We cannot change the cards we are dealt, just how we play the game.

When Corey got home from work, he handed me a folded up piece of paper. The only explanation I was given was, “this is for you.” When I opened it, I was really confused. It was a special request chit, which is something typically used in the military to ask for time off. This specific one just had a place and a time period filled in for this afternoon. I didn’t understand.

I asked what it was for. Corey explained that the guys from work wrote it up for him, so he could go to the shooting range with them. It was to get permission from me. I was even more confused. I am probably one of the least demanding spouses; I ask for nothing.

So, I asked if that was supposed to imply that I’m some kind of controlling wife..? I have no idea how Corey describes me to his friends.
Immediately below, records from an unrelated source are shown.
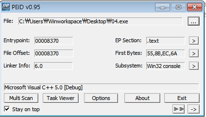 올리디버거로 돌리기 전에 간단히 PEiD로 확인해 보았다. [Debug]가 신경쓰이지만, 딱히 패킹은 안 되어있는 듯 하다.
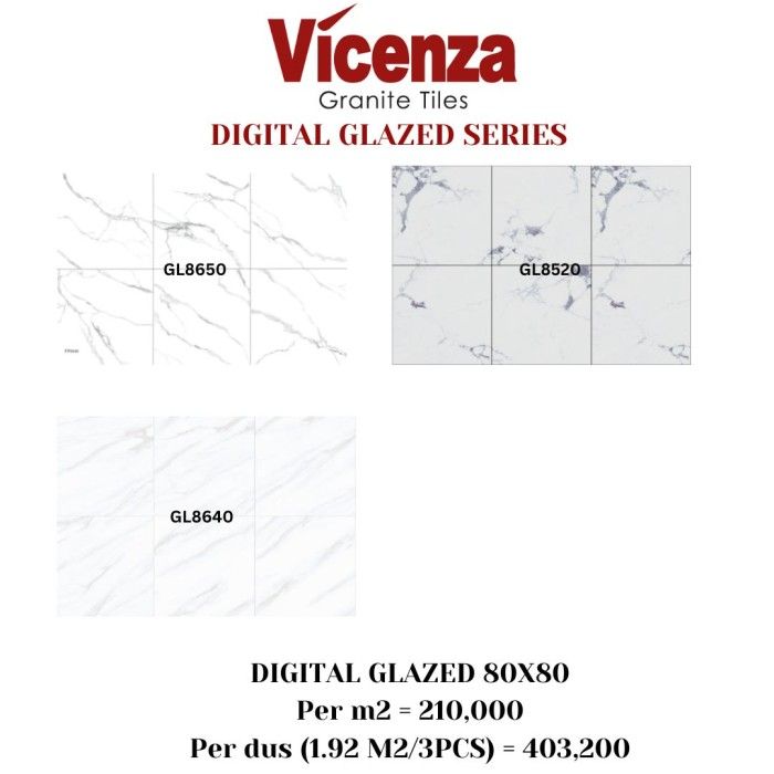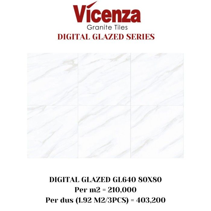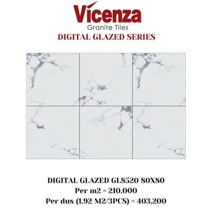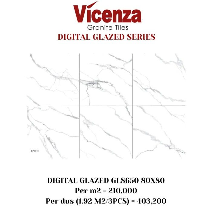 Granit/Granite Tile Vicenza 80x80 Digital Glazed Carara Putih - GL8650
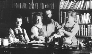 Often estranged from wife and family. Herzl in his study in Vienna with his children, Pauline, Trudy, and Hans, 1897
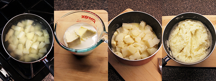 Para este pastel, preparé un tradicional puré de papas. Es importante que al integrar la leche con la mantequilla, estas vayan calientes. Simplemente las pueden calentar en una olla o en un microondas.
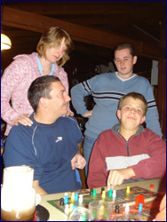 Nachdem sich alle den Bauch voll geschlagen hatten, gingen die lustigen Spielrunden weiter und das Lachen wurde immer lauter. 3 Liter Sangria und noch mehr Jägermeister taten ihr übriges und weit nach Mitternacht flossen nicht wenige Tränen und manch einer kämpfte mit Bauchschmerzen vor lauter Lachen.

As usual, Corey got mad, called me defensive and said I can’t take a joke. He said he knew he didn’t need permission from me to do anything and he does what he wants.

The thing that probably bothered me the most, besides the unnecessary passive aggressiveness, was that we were supposed to go shopping that afternoon. For Corey. Because he wanted me there to help him pick out clothes for a job interview. That I wrote his resume for. That he delayed doing the day before even though he got home from work early.

He also went to the range after work earlier in the week with one of his work friends. And then came home and played video games for a few hours. I did not complain, not once. But, I’m the bad guy, or implied bad guy? Not sure how that works.

I stopped complaining a long time ago. I guess in some way, I’ve resolved myself into believing that this is just my life, the cards I’ve been dealt. Spoiler alert: it’s not a winning hand.